Darren Schroeder's mini comic Mopy #14 published in 2006

Darren Phillip Schroeder (born 27 August 1967 in Christchurch, New Zealand) is a Small Press editor, critic, stand-up comedian, and comics creator. He is best known for founding the Register of New Zealand Comics, editing the Small press section of the Comics Bulletin website and as long-standing editor of the Funtime Comics anthology Funtime Comics Presents. He also creates his own popular semi-autobiographical mini comic Mopy

==Biography==
Darren Schroeder is a pākehā from Christchurch, New Zealand who is now living in Devon, England. He learnt to read through exposure to Donald Duck comics, and later on the work of Keith Giffen on Justice League International inspired him to return to his comic reading habit.

His interest turned to locally produced comics, and even though they were done on a small scale he thought they were just as good, if not better, than most of the imported stuff he encountered.

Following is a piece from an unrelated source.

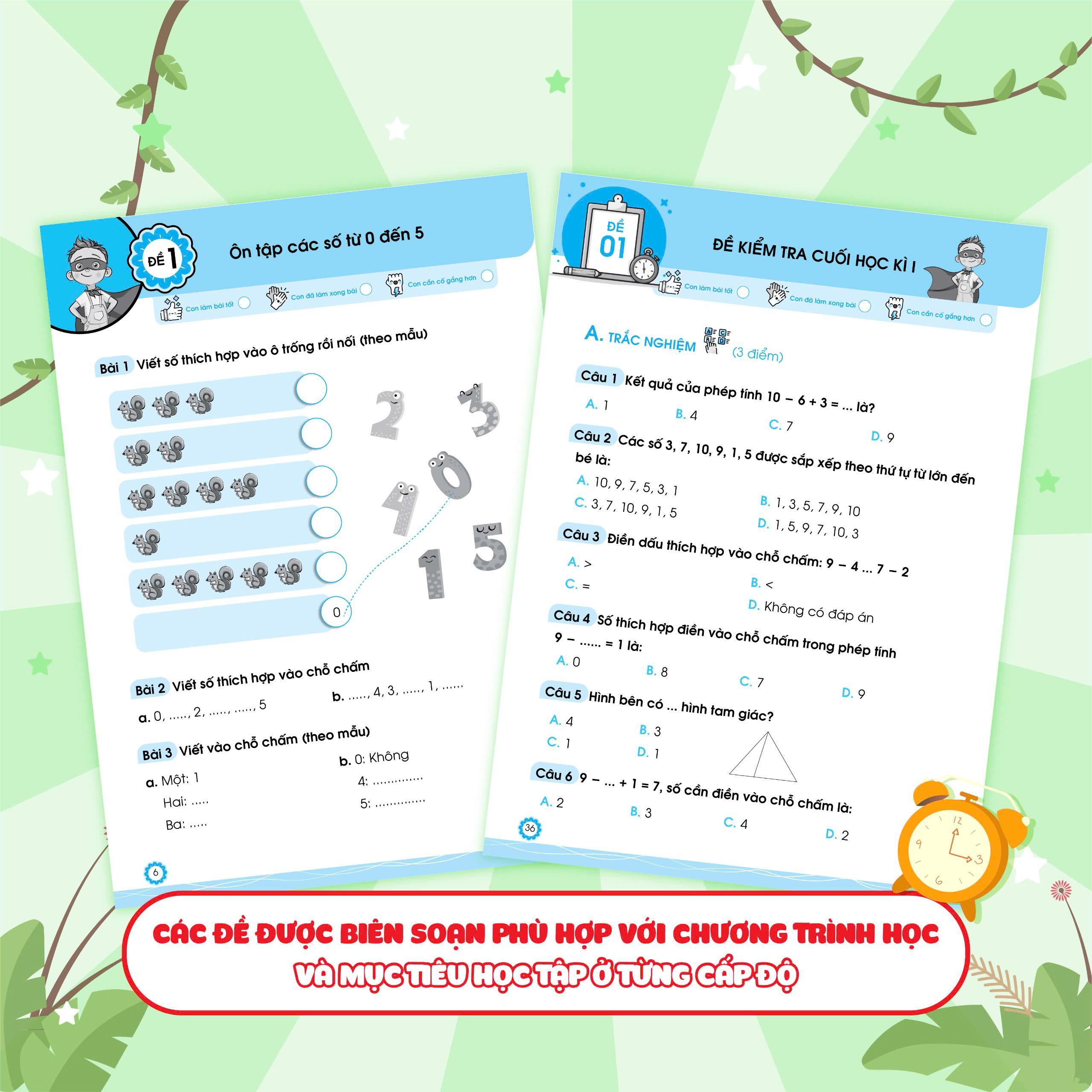 Đề ôn luyện và tự kiểm tra Toán lớp 1 tập 1 là một "trợ thủ" đắc lực giúp các em học sinh có thể tự ôn luyện sau mỗi giai đoạn học tập: ôn tập ngắn sau 2-3 tuần học, ôn tập giữa học kỳ và ôn tập cuối học kỳ - cuối năm học.

==Editorship at Funtime Comics==

He became involved in the New Zealand comic collective Funtime Comics at its inception in 1991, but did not take up editorship of the Funtime Comics Presents anthology until 1993 with the publication of Issue #5. He was known for a very inclusive editorial policy, "Everyone's got a story to tell, and everyone can draw comics." His long-standing editorship finished with his move to England in February 2007, and Issue #22 and #23 have been published under new editor Isaac Freeman.

==Small Press reviewing==

Darren Schroeder took up editorship of the Small Press section of the international Comics Bulletin website when the site launched in 2000. He is also a critic/writer for the international publications Comic Edge, Comic Quarterly, and various websites such as Comics Australia (the former seminal site for Australian comics ).

==His own Comic Mopy==

Comics reviewer Tim Bollinger wrote that Darren's mini-comic, Mopy: "...veers wildly from heartfelt autobiographical narratives to bad throwaway puns, with naïve, scratchy but immediate drawings that shout sincerity into the gaping abyss of popular cultural indifference".

==Acknowledgements==
He was interviewed about his contribution to the New Zealand comics scene by Shirley Horrocks in her documentary The Comics Show. He was also interviewed on New Zealand's National Radio.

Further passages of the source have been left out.